In a tradition going back to 2008, we now present our annual review of award-winning short films over the past year. Listing the winners invariably results in a kind of Hit Parade of shorts. Naturally, no conclusions about the films’ artistic quality can be drawn from this sort of ranking, but it does indicate their popularity as measured by the votes of expert juries and viewing audiences. Ultimately these are market data stemming from the prevailing mood and subjective quality judgements.
The data collected not only reveals the success of individual films but also provides information on the role played by their countries of origin, the various festival locations and the popularity of different film genres. The success of short film production in some countries versus others comes to light, for example, and cultural affinities between certain countries can be discerned.
Ever since the first annual review of award-winners, I have been observing a trend for just a handful of short films worldwide to win the lion’s share of awards and distinctions. This is a demonstrable fact, but it is impossible to know for sure whether the imbalance says something about the quality of the films concerned or whether the decision-makers perhaps find themselves in a kind of echo chamber or filter bubble that influences their choices.
Basis for the evaluation
All honours and awards were analysed that were mentioned in the “Awards” section on shortfilm.de during 2018. This accounts for just over 1,700 awards this past year. We naturally cannot publish all prizes and awards conferred on short films everywhere in the world – in particular as it is possible today for shorts to reap kudos at pseudo-festivals 😉
Only the major, respected short film festivals with international competitions are registered here. Events with an exclusively national or regional focus are not included. We do however report on national film awards such as the German Short Film Award and the Césars in France.

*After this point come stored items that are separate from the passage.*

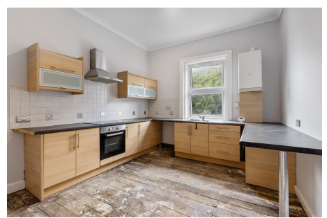
2 Beds | 1 Bath | 55m2
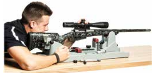
Visually boresighting a rifle.

After rifle is boresighted, do not re-tighten elevation zero stop lock screws on inner turret or replace the outer turret cap. This will be done after the final range sight-in is complete.
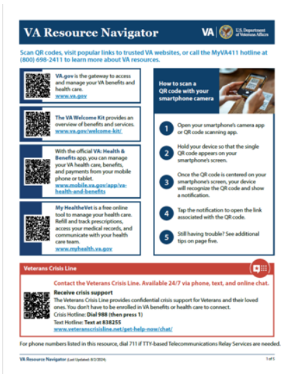
First page of the VA Resource Navigator
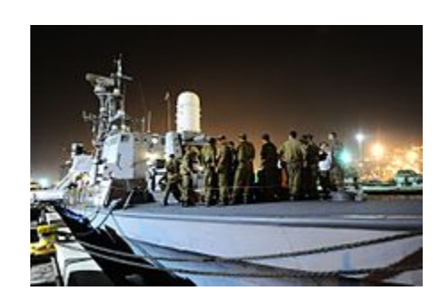
The INS Nitzachon at Haifa naval base

A few minutes after 9:00 pm, <u>Sa'ar 5-class</u> corvettes <u>INS Lahav</u> and <u>INS Hanit</u>, and the <u>Sa'ar 4-class missile boat</u> INS Nitzachon
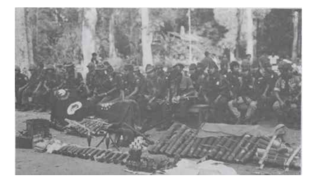
Arms and Ammos Captured by KNLA at Ker Gaw battle
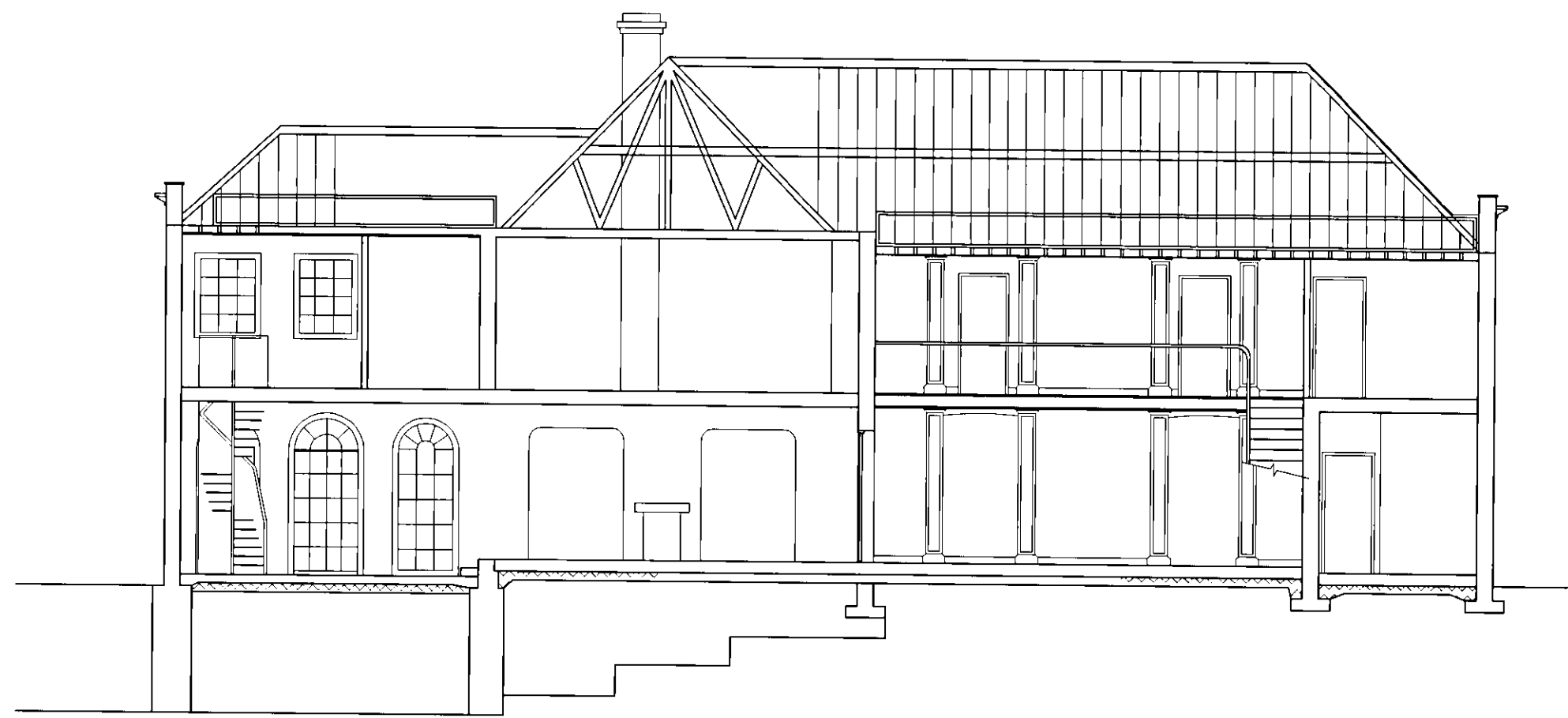
Existing Cross Section A-A
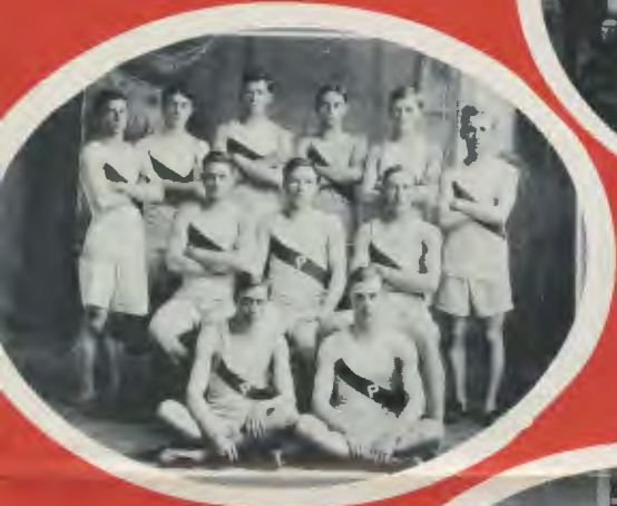
Basketball champions of Non-conference colleges, 1911.
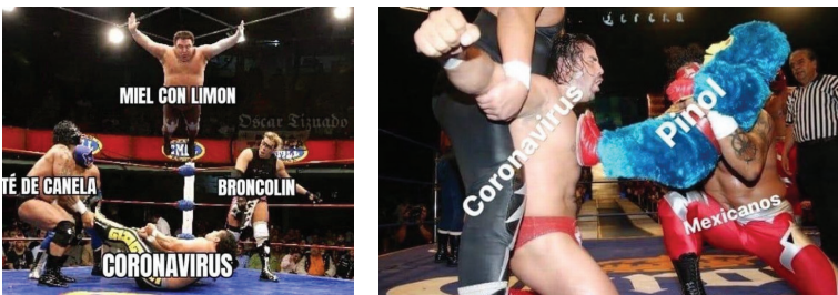
FIGURE 1 MEXICANS AND THEIR WEAPONS AGAINST THE CORONAVIRUS

Other memes alluded to the similarity of the generic name of the virus family to that of Corona beer, whose high levels of international commercialization and widely-recognized advertising campaigns ( En México y el mundo la cerveza es Corona [In Mexico and all over the world, the beer of choice is Corona]) cause a strong association with Mexican identity. Most likely, in many cases, the sharing of these images was merely due to an interest in staying active in socio-digital networks, thus performing the phatic function, which is focused on contact and refers to messages that serve to establish, to prolong, or to discontinue communication, to check whether the channel works (Jakobson, 1981, p. 81). As Pérez Salazar (2017) points out, “sometimes, a person only shares as a form of coexistence, in order to feel that s/he is part of something that is happening at that moment, as a way of announcing that s/he is there too (p. 155, own translation from Spanish).
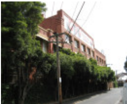
Former Wertheim factory Richmond_north wing incl Heinz additions_Feb 08
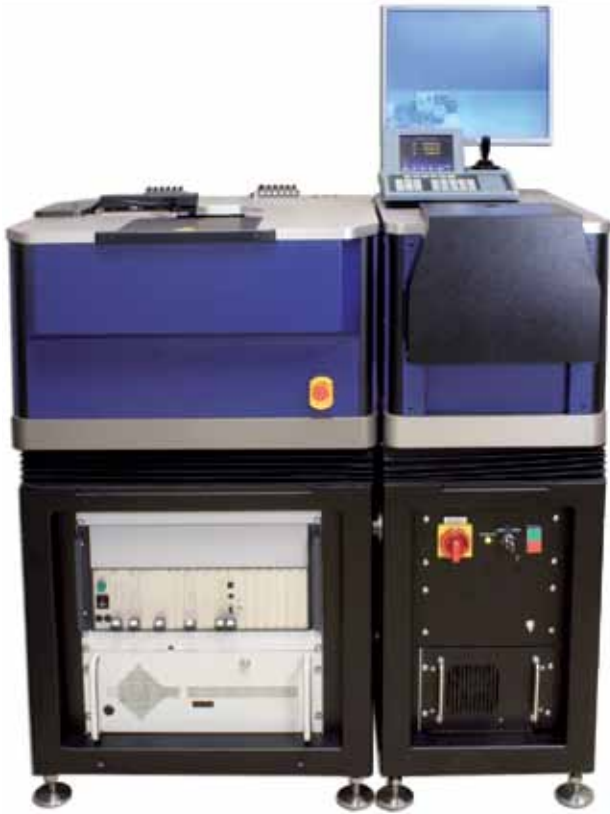
AP200DS BlueRay, equipped with wafer handling robot and integrated alignment camera.
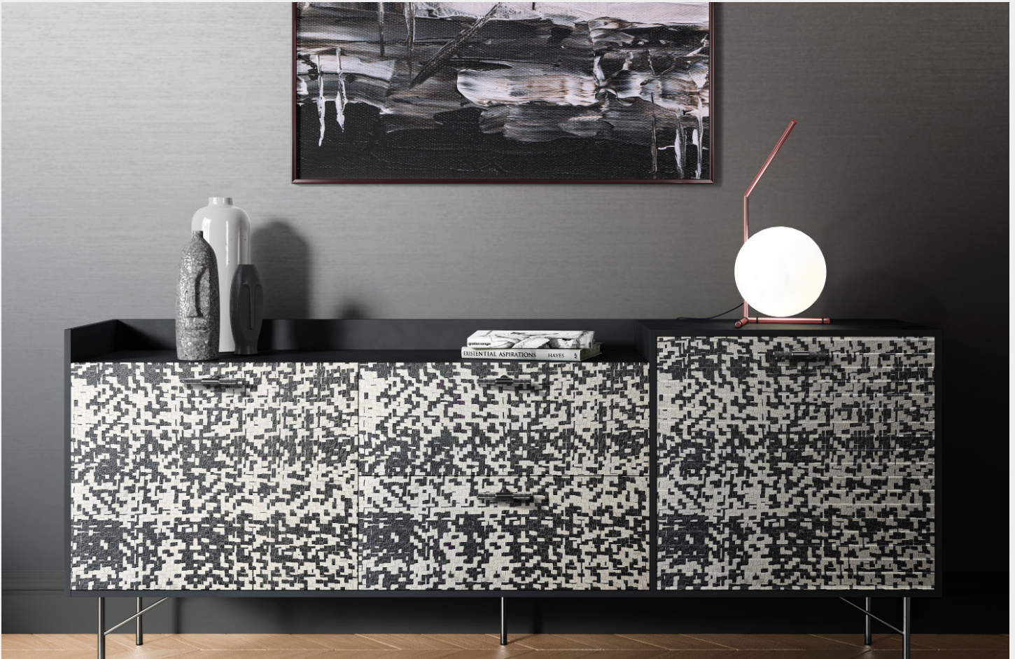
Basket | Black & White

Carefully woven strands of leather, over and under each other to create a lusciously soft surface with a center focal point.
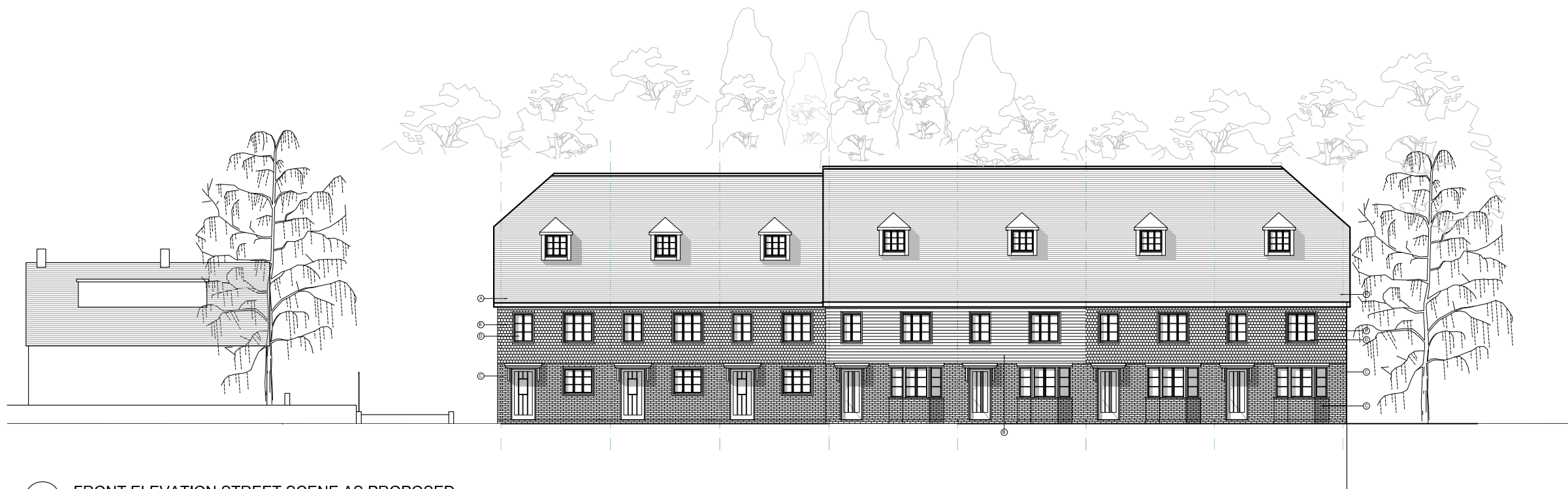
1 FRONT ELEVATION STREET SCENE AS PROPOSED SCALE 1:200 @ A3
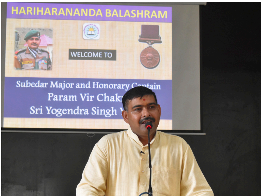
Param Vir Chakra Award Winner Sri Yogendra Singh Yadav

The students welcomed him in grand fashion with singing, dancing and ceremony and listened intently to his inspirational message. Sri Yogendra Singh Yadav is an inspiration to us all, especially to the young students of Balashram.
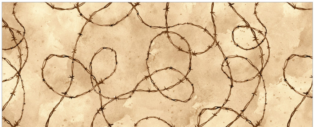
24387-14 | Barbed Wire | Beige/Brown
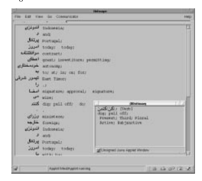
Figure 2: The Glosser interface

While this is already enough information to facilitate a basic word-for-word translation, in general a morphological analyzer for the source language is needed to translate real-world text. For MEAT, one can either import the results of an existing morphological analyzer, or use the native description language, based on a finite-state transducer using characters as left projections and typed feature structures as right projections (Zajac, 1998). After completing the morphological analysis of the source language and specifying the mapping of lexical features to English, glossing is available. The Glosser is an MEAT application consisting of morphological analysis of source language words, followed by dictionary lookup for single words and compounds, and the translation into English inflected word forms. An example of the interface for the glosser is shown in Figure 2.
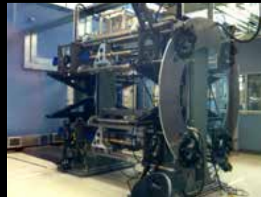
Aircraft endurance and fatigue cycles hydraulic thrust reverser system rig
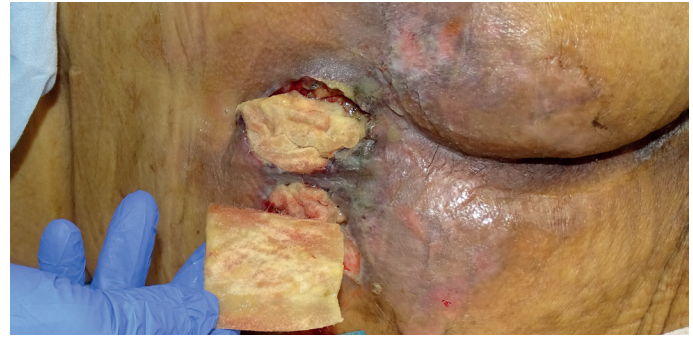
Fig. 11: Removal of Biatain® Fiber after 48 hours (from Fig. 7)

In 2018, prizes presented in nearly 60 countries were published on the website.
We usually list only the main prizes, but for the larger festivals we also include honourable mentions. As a rule, only short film festivals are taken into account, with the exception of large international feature film festivals with a short film competition such as Cannes, Berlin and Sundance.
Overall, we reported in 2018 on the jury decisions in 291 festivals or competitions – 57 of them in Germany. Due to our own geographical location, German as well as European festivals and competitions are over-represented. But the short films cited come from all continents and regions of the world.
Strong production countries
Of the awards published on our website in 2018, the most by far went to films made in Germany (187 awards), France (146), the USA (134), the UK (114), Spain (76) and Belgium (51). Co-productions are not included in these figures.
The countries topping the list and the number of prizes have changed little in recent years – and even their order has remained the same since 2016. In terms of absolute numbers, though, France was less successful in 2018 (173 award-winners in 2017) and British films have caught up again after years of falling behind (84 winners in 2017). Of the total awards presented on the website, around half went to films from only nine countries.
Among the smaller countries – in terms of population – 2018 was a banner year in particular for shorts from Switzerland and Belgium. Sometimes, standout films briefly catapult a country to the top of the list. Belgium, for example, was among the top ten in 2018 thanks to worldwide acclaim for WILDEBEEST by Nicolas Keppens & Mathias Phlips, SIMBIOSIS CARNAL by Rocío Álvarez and the co-production CE MAGNIFIQUE GÂTEAU! (This Magnificent Cake!) by Emma de Swaef & Marc James Roels.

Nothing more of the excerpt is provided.